Hu and Premier Wen Jiabao spent much of their careers in the countryside. They understand the farmers’ plight and want to make changes, said a long-standing Communist Party member who asked not to be identified.
But this is an extremely complex social problem, he said, and intent isn’t enough. It requires a solid legal framework and the political will to implement such wide-ranging change.
“Deng Xiaoping dared to enact reforms,” he said, “but Hu Jintao can’t do it at this stage.”
In a short statement Sunday, China’s state news agency said the Central Committee passed a package of rural policies and discussed the global financial crisis. But it made no mention of land reform. The communique referred vaguely to “raising land yields.”
The package also aims to double rural incomes by 2020. Annual per capita disposable income for those living in the countryside was $720 during the first half of 2008, compared with about $3,600 for city dwellers.
Sui Yuyou, a farmer in Shandong province, said he’s pleased with the government’s focus on rural issues. The four-acre family plot, shared by six adults and two children, gets an $80 wheat subsidy per year, a welcome addition to about $2,400 that crops bring in.
But if rural incomes were higher, Sui and his relatives might not need to spend any time in Beijing, where they can earn as much in a month waiting tables as they can in a year in their village, about 250 miles southeast of the capital.
Sui, wearing cloth shoes and a black jacket, leans against a barrier near the Beijing railway station and reflects on his double life, split between the capital and the family’s small plot in Suijiagou village, where he grows peanuts, wheat and soybeans.
Sui said looser policies on buying, selling or offering up his land as bank collateral would make life easier, allowing for bigger farms that could be more productive.
“But I would never sell my land easily,” the 56-year-old said. “Land is a farmers’ fate. We farmers rely on the land to make a living.
“My village is famous for its beautiful scenery, mountains, hills, rivers and flatlands,” he said. “But nearly 80% of the young people head to the cities to make a living. Those left are mostly kids and old people.”

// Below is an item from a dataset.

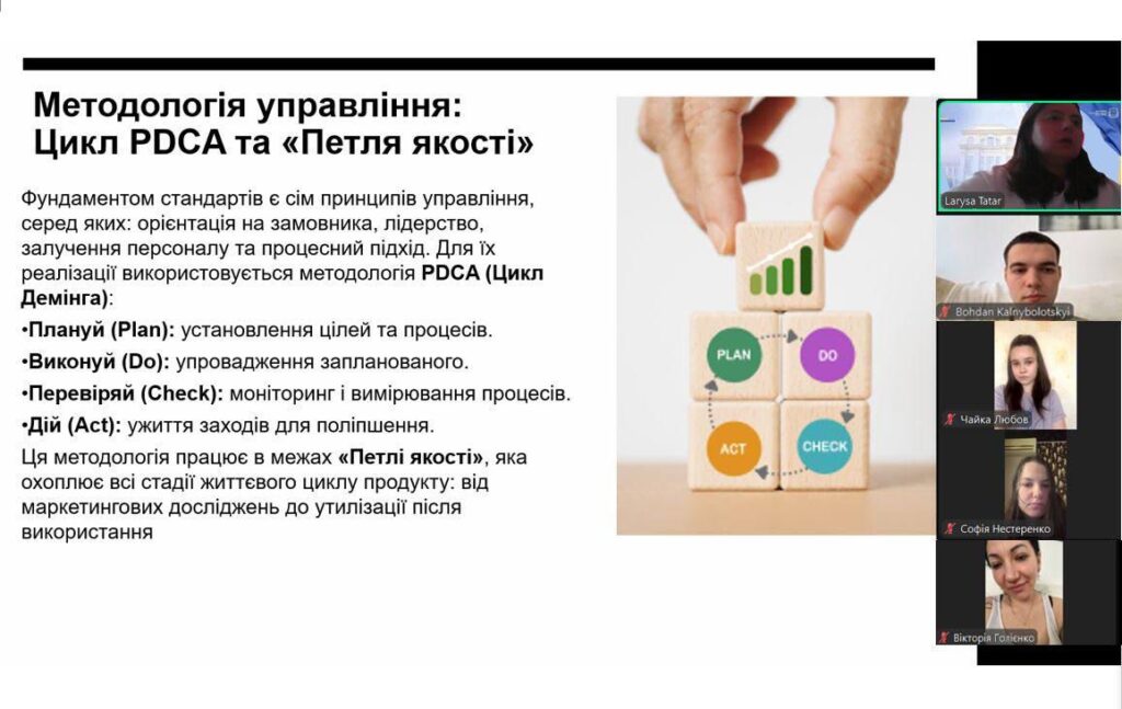 11 березня 2026 року відбулося чергове засідання постійно діючого студентського наукового гуртка «Інновації у сфері гостинності, торгівлі та виробництві харчових продуктів» факультету управління торговельно-підприємницькою та митною діяльністю під керівництвом к.т.н., доцента, ст. викладача Татар Лариси Василівни.Тема зустрічі «Сутність проблеми якості продукції та послуг в умовах сьогодення». Здобувачі першого (бакалаврського) рівня вищої освіти денної форми навчання академічних груп 076-22б-01, 076-23бстн-3-01, 241-22б-01, 241-23бстн-3-01приймали активну участь в обговоренні. За результатами проведеної роботи було прийнято рішення сформувати та подати до друку тези для участі в науковій конференції.

Analysts say land reform has even broader economic implications during these times of global crisis.
China, the world’s most populous country, has an advantage over many nations in labor-intensive industries such as manufacturing. But services and an improved agricultural sector are important not only to stem unemployment and social tension, but to improve economic productivity, said Stephen Green of Standard Chartered Bank.
“There has obviously been a lot of investment in rural areas, schools and healthcare,” he said. “But you can’t just subsidize the countryside into modernity. You need land reform.”